명령어 인출 ⇒ 명령어 해석 ⇒ 명령어 실행 ⇒ 메모리 접근 ⇒ 결과 register에 저장

모든 종류의 프로세서가 공통으로 구현하는 stage

MIPS State Elements

Single-Cycle MIPS Processor : Datapath, Control

datapath 단계 → lw 명령어로 예시(5단계를 모두 거치는 명령어임)

Step 1: Fetch instruction

Instruction Fetch stage

Step 2: Read source operands from RF

I type ⇒ op(6bit, 26~31) source(5bit, 21~25) destination(5bit, 16~20) immediate (16bit, 0~15)

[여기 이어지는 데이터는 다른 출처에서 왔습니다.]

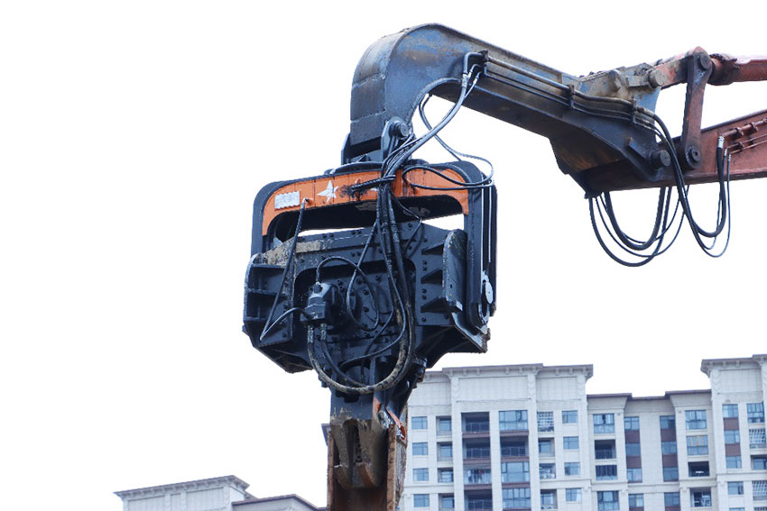 為(wèi)配合工(gōng)程基礎開(kāi)挖,施工(gōng)方采用(yòng)一(yī)台日(rì)立490挖掘機(jī)挂載我公司S650打樁機(jī)進行♦(xíng)鋼闆樁支護作(zuò)業(yè),在碎石比例過半的(de)土(tǔ)壤條件(jiàn)下(xià ),S650打樁機(jī)表現(xiàn)出了(le)超凡的(de)工(gōng)作(zuò)性能(néng),12米樁平均打樁時(shí)間(jiān)控制( zhì)在兩分(fēn)半以內(nèi)。

⇒ 25:21번째 bit가 source operand이다!

Decode stage

Step 3: Sign-extend the immediate

15:0 번째 bit

Step 4: Compute the memory address

base address와 offset을 더해서 메모리 주소를 구한다.

Excution stage

Step 5: Read data from memory and write it back to register file

ALU의 연산 결과(메모리 주소)를 Data Memory의 input 으로 넣어 Memory에 저장 되어 있는 Data를 output으로 받아서 다시 Register에 써준다.

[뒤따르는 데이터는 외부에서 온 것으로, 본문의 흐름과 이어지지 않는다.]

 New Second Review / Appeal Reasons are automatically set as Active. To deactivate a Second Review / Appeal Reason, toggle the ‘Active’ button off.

Memory stage → Write Back stage

Step 6: Determine address of next instruction

다음 명령어 수행을 위해 PC + 4

sw의 경우 ⇒ 저장할 위치 destination(writeData)도 읽어야 한다! 20:16 번째 bit

Exercise 2PC의 주소에 따라서 0x00002000주소를 instruction memory에 input으로 넣는다.100011 / 01000(source) / 01001(destination) / 0000000000000000(immediate)
1. OP코드로 보아 lw 명령어이다
2. source : 01000 = 0x8
3. destination : 01001 = 0x9
4. immediate : 0x0
→ 0x9 번 레지스터에 0x12345678을 덮어쓴다!
1. OP코드 ⇒ sw
2. source: 01000 = 0x8
3. destination: 00100 = 0x9
4. immediate = 0x4
sw에서는 write back이 필요 없다
101011 / 00100(source) / 01001(destination) / 00000000000000100(immediate)
다음 명령어 : PC + 4

Single-Cycle Datapath : R-type

rs, rt에서 read함
ALU 결과를 register file에 write
Write to rd
RegDst = 1 / ALUSrc = 0 / MemtoReg = 0
RegDst : R type일 때 1 / I type일 때 0

R type이냐 I type이냐에 따라서 읽어야 할 자리가 달라진다. 둘 다 rd

20:16[destinaion](I) VS 15:11[destination](R) ⇒ MUX와 RegDst 컨트롤 시그널에 의해서 결정한다!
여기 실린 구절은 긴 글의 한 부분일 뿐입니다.